Le cimetière Saint-Sever compte près de 12 000 stèles, dont une très large partie de tombes de militaires du Commonwealth morts durant la Première Guerre mondiale. La reine Elizabeth II et son mari le prince Philippe s’y étaient recueillis lors de leur visite à Rouen en 1972
Ce qui frappe en premier lieu c’est l’immensité du cimetière. Des sépultures à perte de vue. Près de 12 000 tombes réparties sur plus de 6 hectares.
Des monuments d’un blanc immaculé presque tous identiques auxquels Paul Le Trévier a consacré un ouvrage « Le jardin aux 12 000 pierres ».
Depuis une douzaine d’années, l’historien s’est passionné pour ce lieu. Pour mieux comprendre l’histoire individuelle derrière chacune des 11 769 sépultures, il a photographié chaque stèle et a ainsi constitué une base de données. Grâce aux registres militaires et aux journaux de l’époque, il est même parvenu à contacter la famille de certains défunts.
Rouen, base arrière des troupes britanniques
Pour comprendre pourquoi autant de britanniques ont été enterrés ici, il faut remonter le temps jusqu’à la Première Guerre mondiale.
« Dès août 1914, les britanniques ont voulu tirer parti des infrastructures portuaires et ferroviaires de Rouen. C’était une ville très accessible par la mer puisque son port permettait à des bateaux hauturiers d’accoster sur place. Ils pouvaient donc débarquer du matériel et aussi mettre en place des évacuations sanitaires pour un certain nombre de blessés ».
Rouen devient l’une des principales bases logistiques britanniques des camps, des hôpitaux et un dépôt de ravitaillement sont installés au sud-est de la ville.
Rouen, une ville-hôpital
Alors que Rouen compte 100 000 habitants, 50 000 britanniques sont cantonnés ici durant la Première Guerre mondiale, des infirmières, des médecins, des boulangers, des religieux, des chauffeurs, des palefreniers. « Rouen était presque devenue bilingue » explique Paul Le Trévier.
Au champ de courses – actuel hippodrome des Bruyères- jusqu’à 16 hôpitaux militaires vont coexister à Rouen entre 1914 et 1918 pour une capacité totale de 14 000 lits. Les soldats revenus blessés du front y sont soignés. Beaucoup meurent et sont donc enterrés au cimetière Saint-Sever situé tout à côté.
« En juillet 1916, l’offensive de la Somme va tout changer. Un afflux très important de blessés arrive à Rouen. Les britanniques décident alors de faire l’acquisition de prairies à proximité du premier cimetière et créent une extension qui compte désormais pas loin de 8000 tombes » explique l’historien.
Près de trente nationalités
Tout au long de son travail, Paul Le Trévier a recensé près de 30 nationalités : « le cimetière donne un visage de ce qu’était le Commonwealth au début du XX ème siècle. Il y a ici des Australiens, des Néo-Zélandais, des Indiens, des Sud-Africains… »
Mais comme il ne s’agit pas d’un cimetière situé sur la ligne de front, il compte aussi les stèles de civils morts d’accident ou de maladie.
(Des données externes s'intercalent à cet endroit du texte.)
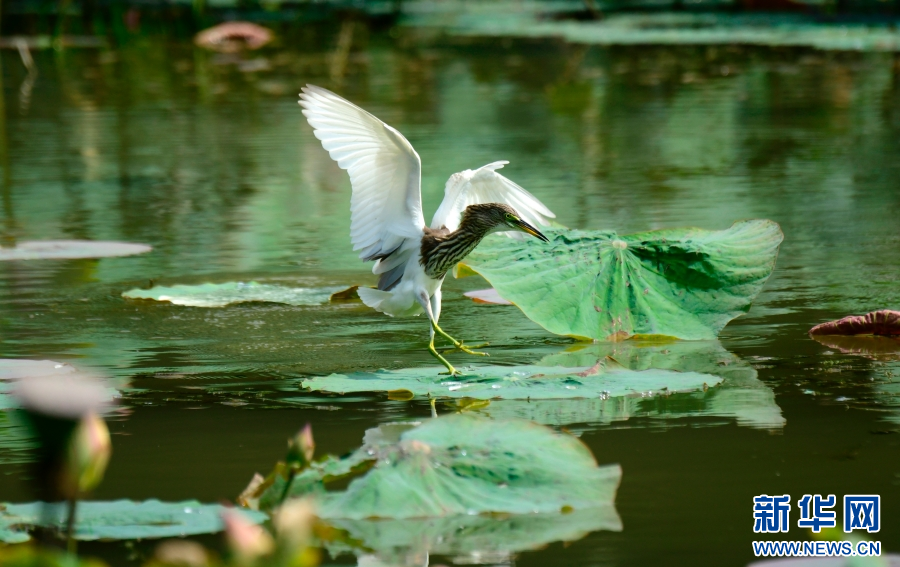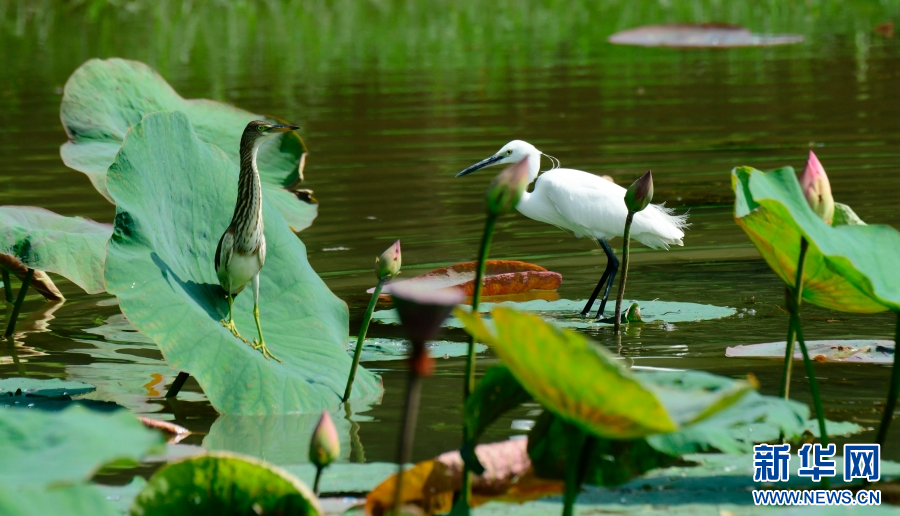 秋日里,云南省弥勒市湖泉柳园内,白鹭、夜鹭在荷塘间觅食、嬉戏。翩翩起舞的白鹭、夜鹭与荷塘构成一幅秋日里的美丽图画。近年来,弥勒市常态化保护碧水蓝天,生态环境持续向好。新华网发(普佳勇摄影报道)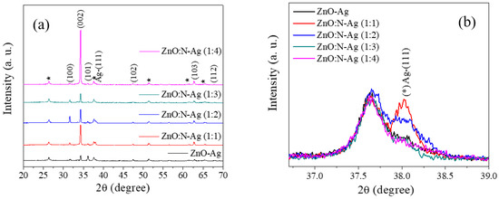 (a) XRD patterns of Ag-decorated undoped and ZnO:N NRs with different nitrogen contents in the seed layer; (b) enlarged view of the FTO peak shown in Figure 5a.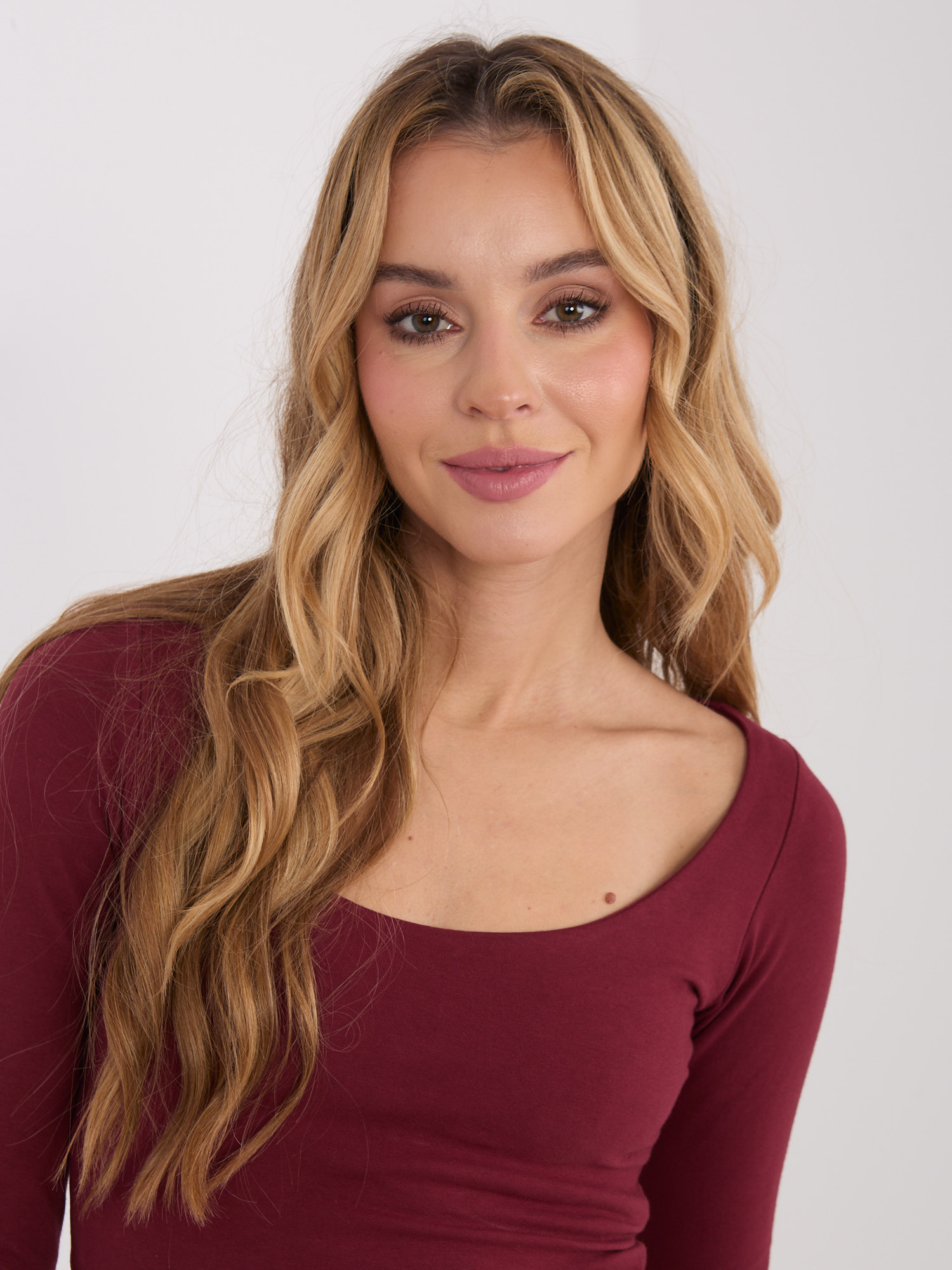 Bordowa krótka bluzka basic z długim rękawem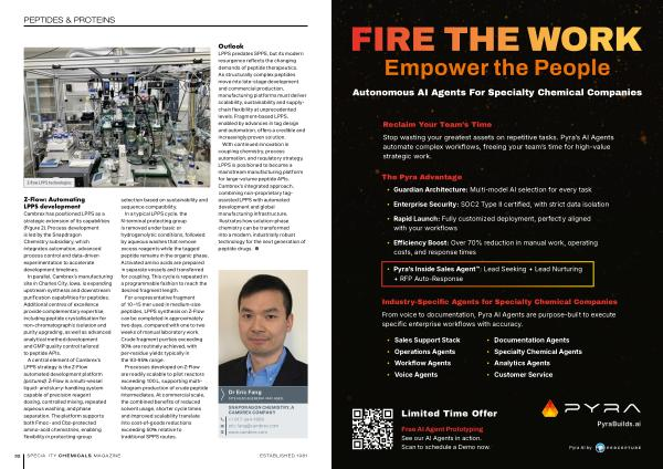 With continued innovation in coupling chemistry, process automation, and regulatory strategy, LPPS is positioned to become a mainstream manufacturing platform for large-volume peptide APIs. Cambrex’ s integrated approach, combining non-proprietary tagassisted LPPS with automated development and global manufacturing infrastructure, illustrates how solution-phase chemistry can be transformed into a modern, industrially robust technology for the next generation of peptide drugs. ●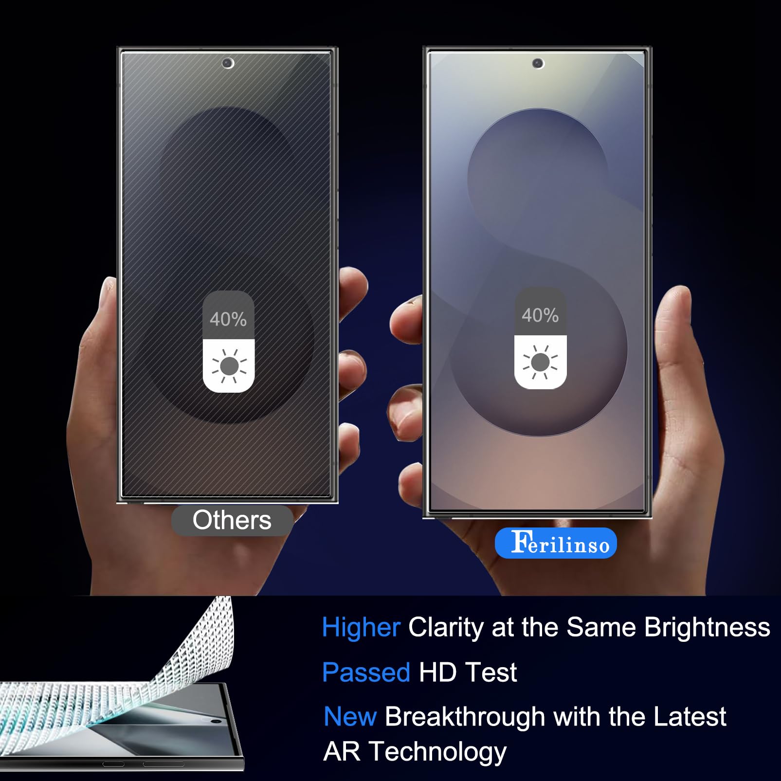 Ultra HD Bare Screen Experience, Fingerprint, Smudge Free: adopting exclusive coating technology providing maximum 99.99% optical clarity for best visual feast brought by the screen(Face ID Support: premium, high-transparency glass means you'll be able to use Face ID just like normal). Plus, thanks to the special Ferilinso-Silk technology to prevent smudges and fingerprints oil, reducing up to 98% of marks on your screen, keeping your Samsung Galaxy S25 Ultra screen clean and new.

La présence de quelques rares femmes, notamment des infirmières et des volontaires, est à noter, comme Louisa Riggal.
« Elle était infirmière dans l’hôpital australien situé à proximité du cimetière » explique l’auteur « Comme elle avait étudié pendant 2 ans en France, elle parlait presque couramment notre langue. Arrivée à Rouen en 1916, elle joue un rôle déterminant dans l’organisation médicale de la ville. Elle coordonne les actions des médecins militaires britanniques installés ici et des autorités médicales françaises ».
Plus tard, aux stèles de 14-18, s’ajouteront celles des soldats anglais morts près de Rouen durant la Seconde guerre mondiale. Tout particulièrement celles des soldats canadiens blessés lors de l’opération Jubilée à Dieppe le 19 août 1942 et soignés à Rouen.
L’hommage royal
Le 20 mai 1972, la reine Elizabeth II et le prince Philip visitent Rouen lors de leur deuxième voyage officiel en France. Comme le montrent les images de l’époque, ils sont accueillis à la gare par le premier ministre Jacques Chaban Delmas, le préfet de région et le sénateur maire Jean Lecanuet. Après un passage en voiture place du Vieux marché, le couple royal se rend au cimetière de Saint-Sever pour un hommage. Le cortège rejoint ensuite le yacht royal " Britannia " à bord duquel la reine quitte le port.
Devenu territoire britannique en 1921, le cimetière militaire Saint-Sever est aujourd’hui entretenu par les jardiniers du Commonwealth War Graves Commission. Une commémoration est organisée chaque année le 11 novembre. Il est le plus grand cimetière britannique de France.